Square Root 1 to 50

Example 1: Find the value of \( 15\sqrt{45}-11\sqrt{32} \).

Solution:

\( 15\sqrt{45}-11\sqrt{32} \)                                     Write the expression

\( \Rightarrow 15 \times 6.708 ~-~ 11 \times 5.656 \)                 Substitute \( \sqrt{45} = 6.708 \) and \( \sqrt{32} = 5.656 \)

\( \Rightarrow 100.62 ~-~ 62.216 \)                               Multiply

\( \Rightarrow 38.404 \)                                                Subtract

So, \( 15\sqrt{45}-11\sqrt{32} = 38.404 \)

Example 2: What is the value of the equation \( 7\sqrt{27}+13\sqrt{25}-12\sqrt{47} \) ?

Solution:

\( 7\sqrt{27}+13\sqrt{25}-12\sqrt{47} \)                               Write the expression

\( \Rightarrow 7 \times 5.196 + 13 \times 5 ~-~ 12 \times 6.856 \)            Substitute \( \sqrt{45} = 6.708 \) and \( \sqrt{32} = 5.656 \)

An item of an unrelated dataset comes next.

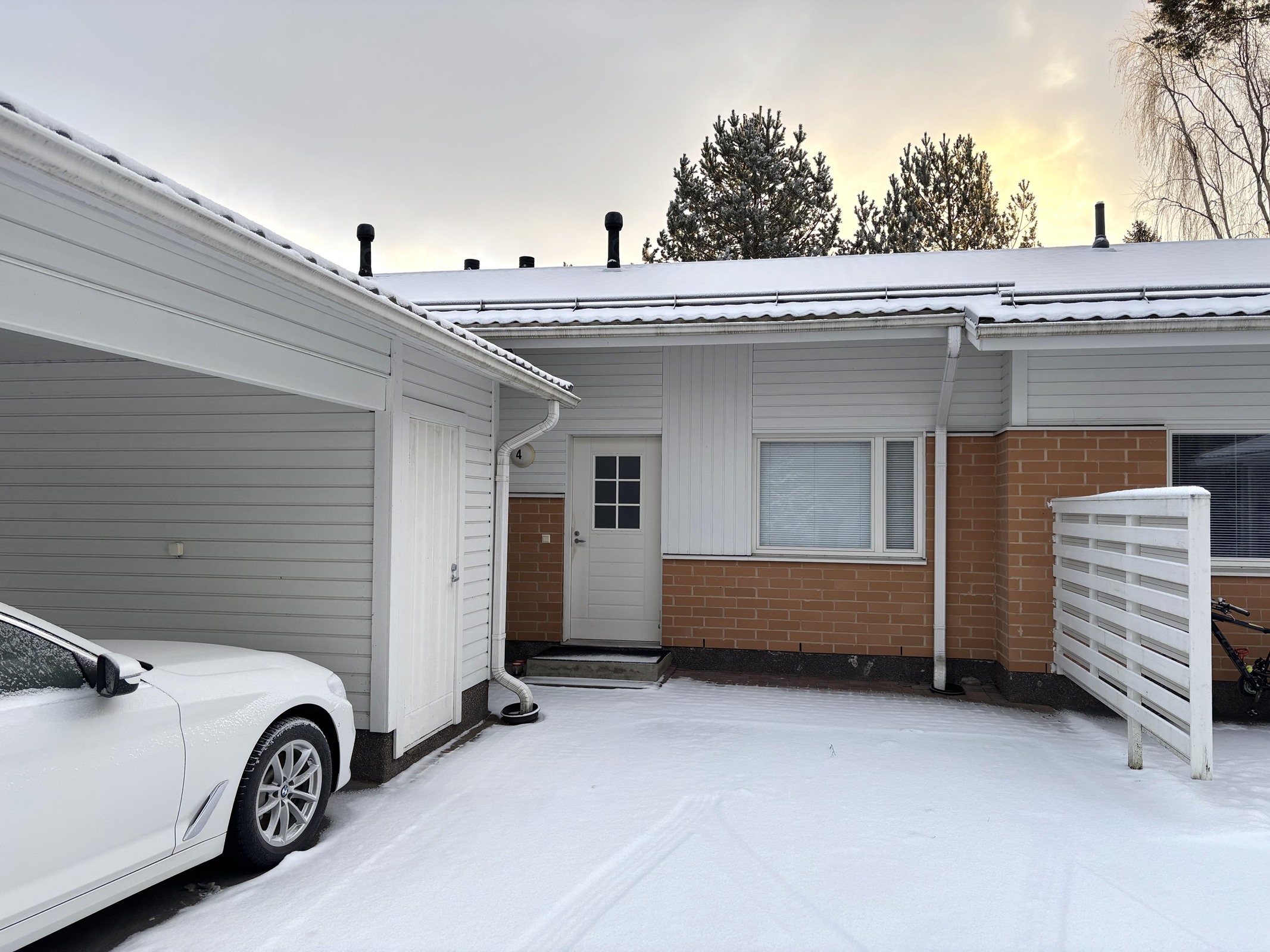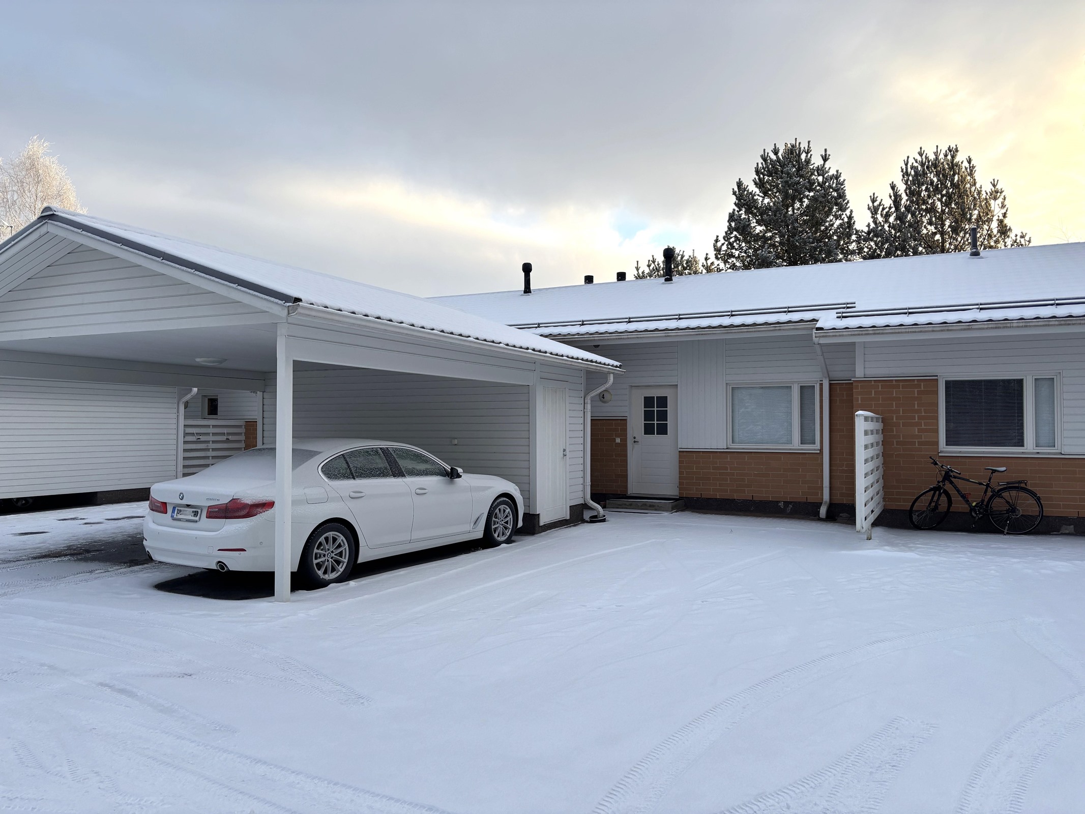 Asunnolle kuuluu autokatospaikka sisäänkäynnin edessä.

\( \Rightarrow 36.372 + 65 ~-~ 82.272 \)                              Multiply

\( \Rightarrow 19.1 \)                                                            Simplify

So, \( 7\sqrt{27}+13\sqrt{25}-12\sqrt{47} = 19.1 \)

Example 3: Alex wants to build a fence around a square shaped garden that has an area of \( 50 \) square feet. Help Alex find the length of each side so that he doesn’t have to spend time measuring each side in the traditional way.

Solution:

The area of the garden, \( A = 50 \) ft\( ^2 \)

Use the formula for the area of the square to find the length of each side.

\( A = a^2 \)             Write the formula

\( 50 = a^2 \)            Substitute the values

\( \sqrt{50} = a \)           Apply square root on both sides

\( 7.071 = a \)         Simplify

So, the length of each side of the garden is \( 7.071 \) feet.